Archive April 2019

Watchale Workshop: An Alternative Narrative for California’s Central Valley

Jamie Moore is the author of the novella, Our Small Faces (ELJ Publications, 2013). Her work has been published in magazines including TAYO Literary Magazine and the Nervous Breakdown. She is a professor at College of the Sequoias in Visalia, California, and executive director of the Watchale Workshop.

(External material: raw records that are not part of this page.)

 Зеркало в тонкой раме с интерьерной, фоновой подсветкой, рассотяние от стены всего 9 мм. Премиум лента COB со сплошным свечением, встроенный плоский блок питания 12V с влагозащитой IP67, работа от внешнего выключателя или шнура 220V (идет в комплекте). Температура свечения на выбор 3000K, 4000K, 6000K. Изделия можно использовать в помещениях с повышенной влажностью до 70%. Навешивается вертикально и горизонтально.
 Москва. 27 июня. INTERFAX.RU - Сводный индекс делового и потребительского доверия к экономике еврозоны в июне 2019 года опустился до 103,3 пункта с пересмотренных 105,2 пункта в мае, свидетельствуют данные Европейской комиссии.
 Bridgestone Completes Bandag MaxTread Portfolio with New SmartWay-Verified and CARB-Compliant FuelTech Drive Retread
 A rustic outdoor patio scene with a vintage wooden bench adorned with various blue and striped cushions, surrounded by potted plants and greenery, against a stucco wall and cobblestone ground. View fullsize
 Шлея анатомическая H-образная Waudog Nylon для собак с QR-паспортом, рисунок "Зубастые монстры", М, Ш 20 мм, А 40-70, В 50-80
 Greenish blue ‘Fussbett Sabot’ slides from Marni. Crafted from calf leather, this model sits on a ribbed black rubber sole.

California’s Central Valley has a surprisingly rich literary history, and the Watchale Workshop team has learned a few things about our literary community. Firstly, it is a community centered around Fresno, the city hub of the Central Valley and location of the nearest MFA program, which makes many of the literary events inaccessible to community members in the south part of the region, particularly writing students at the College of the Sequoias, where I teach. Secondly, many events are focused on a single genre—poetry—perhaps as a result of the success of poets from the area. Lastly, and of greatest concern to us, many literary events are focused on and organized by men. Knowing the rich diversity of writers in our area, the Watchale Workshop aimed to showcase what more the Central Valley has to offer with our inaugural day-long event full of workshops and lectures that took place on April 6 at the College of the Sequoias.

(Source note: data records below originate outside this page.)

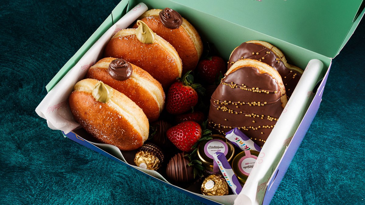 Mlečna čokolada, vanila fil, jagoda fil, malina, nana, bele čokoladne mrvice, smesa za krofne
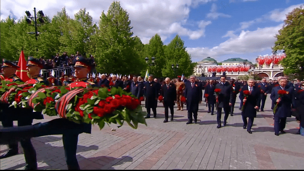 На опубликованном видео Президент Касым-Жомарт Токаев вместе с лидерами других стран, приглашенных на парад Победы, возлагает цветы к могиле Неизвестного солдата.
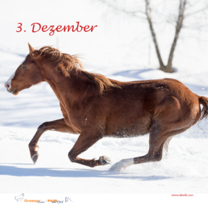 13. Dezember: Gewinn: Fünfmal das Buch „Im Kreis der Herde – Von wilden Pferden lernen“ im Wert von je 30 Euro aus dem Kosmos-Verlag. Angebot: Wir haben noch einmal einige Exemplare unseres vergriffenen Heftes „Die Seitengänge“ aus dem Jahr 2006 für Sie im Angebot. Gewinnerinnen: Nicole G., Friedberg | Nicola B., Paderborn | Corinna W., Kaarst | Deike B., Hude | Ruth G., Sevelen
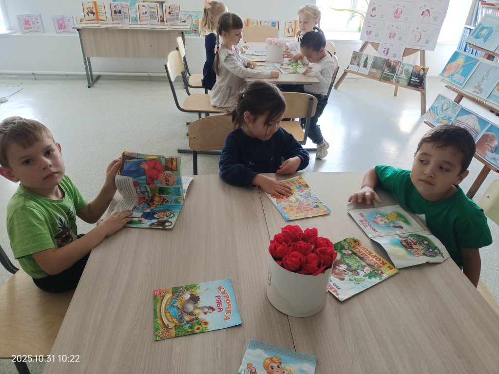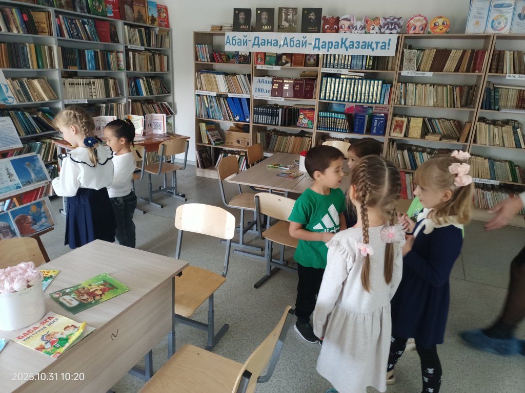 Осыдан кейін топ кітапхана орналасқан екінші қабатқа көтерілді. Балаларға балалар кітаптары көрсетіліп, әдебиетті үйге қалай алуға болатындығы айтылды.

The idea for Watchale started as a conversation between fellow writers over coffee. The four of us at Watchale were brought together by a desire to create opportunities for writers like us: POC, queer, emerging. After recruiting a student team in September 2018, Watchale was conceptualized, the name derived from Sandra Cisneros’s poem “Loose Woman.” We wanted to make a statement: Watch out! We’re coming for you! We’ve been here! We’re ready to be heard!

With our mission statement in mind—to create an alternative narrative of our literary community—we carefully curated a lineup of writers that put women and queer voices at the center of our literary conversation. We invited women writers who not only had Central Valley connections, but those we knew would help us create a space for our student writers to be included in the larger literary community. I wanted Watchale to complement the women-centered literary groups already doing work in Fresno, such as Fresno Women Read and Women Writers of Color Central Valley. This was our festival to shine.

And shine we did. In the morning, generative workshops in several genres led by P&W–supported writers Ife-Chudeni Oputa, Monique Quintana, and Wendy C. Ortiz encouraged participants to pick up their pens and get writing. Oputa’s workshop focused on the theme of “Ownership,” asking emerging poets to consider the duality of ownership, and what we owe to ourselves and our communities.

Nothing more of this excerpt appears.